El represor, genocida y extitular del Tercer Cuerpo del Ejército Luciano Benjamín Menéndez murió ayer a los 90 años en el Hospital Militar de Córdoba, donde se encontraba internado desde el 7 de febrero último por afecciones coronarias y biliares.

El cuadro de salud del exmilitar se había agudizado en momentos en que afrontaba un nuevo juicio por crímenes de lesa humanidad.

Según los fundamentos de las condenas judiciales, Menéndez fue el principal responsable del "plan sistemático y generalizado de exterminio de la oposición política" de la última dictadura militar (1976-1983) en Córdoba y en 9 provincias del noroeste.

Fue uno de los genocidas no beneficiados por la ley de Obediencia Debi-da, dictada en 1987, recibió 15 condenas perpetuas y se hallaba implicado en unas 800 causas por crímenes cometidos por el terrorismo de Estado.

Eliminaba las pruebas

En su carácter de jefe del Tercer Cuerpo del Ejército y de la llamada Área 311, que abarcaba 10 provincias, Menéndez impartía órdenes e instrucciones, supervisaba sus resultados y generaba las condiciones para que fueran eliminadas todas las pruebas para que sus autores tuvieran impunidad.

Asumió la comandancia de esa jurisdicción militar con sede en Córdoba entre septiembre de 1975 y el mismo mes de 1979, pero alcanzó un poder absoluto sobre las 10 provincias del noroeste y Cuyo. 

Desde esa posición, fue el creador de los dos primeros centros clandestinos de detención del país: "La Escuelita" de Famaillá, en Tucumán, y "Campo de la Ribera", en Córdoba.

Apodado “La Hiena” por su crueldad con los prisioneros y “Cachorro” por ser hijo de un militar, Menéndez, un ultranacionalista católico, se casó con Edith Angélica Abarcay, fallecida en 2012, con quien tuvo siete hijos. 

Su linaje militar da cuenta de un padre teniente con actuación en la represión contra los anarquistas y comunistas, un tío que participó del intento de golpe contra el por entonces presidente Juan Domingo Perón en 1951 y un primo -Mario Benjamín, fallecido- que sucumbió como gobernador militar en el intento de reconquistar las Islas Malvinas en 1982.

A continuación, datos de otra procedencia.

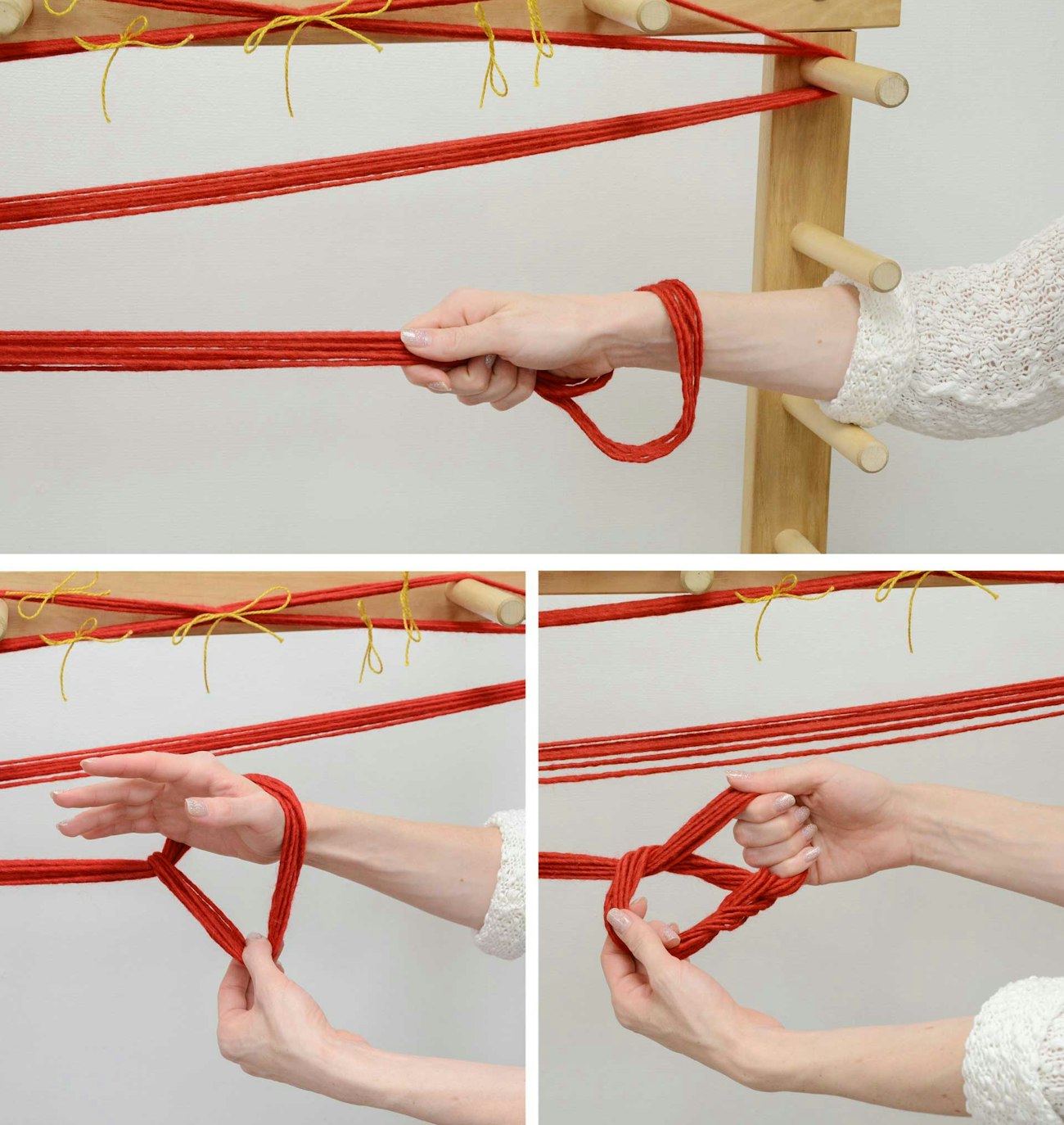 Chaining: To keep your warp organized off the warping board, you’ll want to chain it as you remove it. Starting at the bottom, pull the looped threads off the ending peg while maintaining the open loop. Stick your hand through that loop and grasp the entire group of warp threads that‘s next to your hand. Pull the loop that is resting on your wrist over those threads. You‘re now holding a new loop. Push your hand through this new loop, grasp all the warp threads just beyond it, and pull them through the loop. (See photos above, beginning at the top and moving counterclockwise.) Keep a little tension on the warp as you go, so the threads don’t pop off the next peg.

A mediados de los años '60, fue alumno de la llamada "escuela contrarrevolucionaria francesa" y en los '70 viajó al campamento de Fort Lee, en Estados Unidos, para conocer la Doctrina de la Seguridad Nacional, la que dio paso a la intervención de las fuerzas armadas en conflictos internos de los países del "Tercer Mundo".

Menéndez se caracterizó por utilizar sistemáticamente, en cada uno de los juicios que lo tuvo como acusado, el derecho de hacer su descargo antes del veredicto. Fue así que pronunció extensos discursos en los que defendió la represión ilegal frente al "fantasma del comunismo", justificó los crímenes de lesa humanidad como "crímenes de guerra" y desconoció a la Justicia civil.

Había formado parte del grupo de los "duros", junto a los represores Guillermo Suárez Mason y Ramón Camps, de jefes de las Fuerzas Armadas que dieron el golpe de Estado del 24 de marzo de 1976.

Durante el conflicto de 1978 con Chile por la soberanía de islas del Canal de Beagle, Menéndez propició la invasión del vecino país en su condición de comandante del Tercer Cuerpo del Ejército y por tanto responsable de cubrir parte de la frontera argentino-chilena, e incluso se jactó de llegar al puerto chileno de Valparaíso para "mear champaña en el océano Pacífico" a modo de celebración.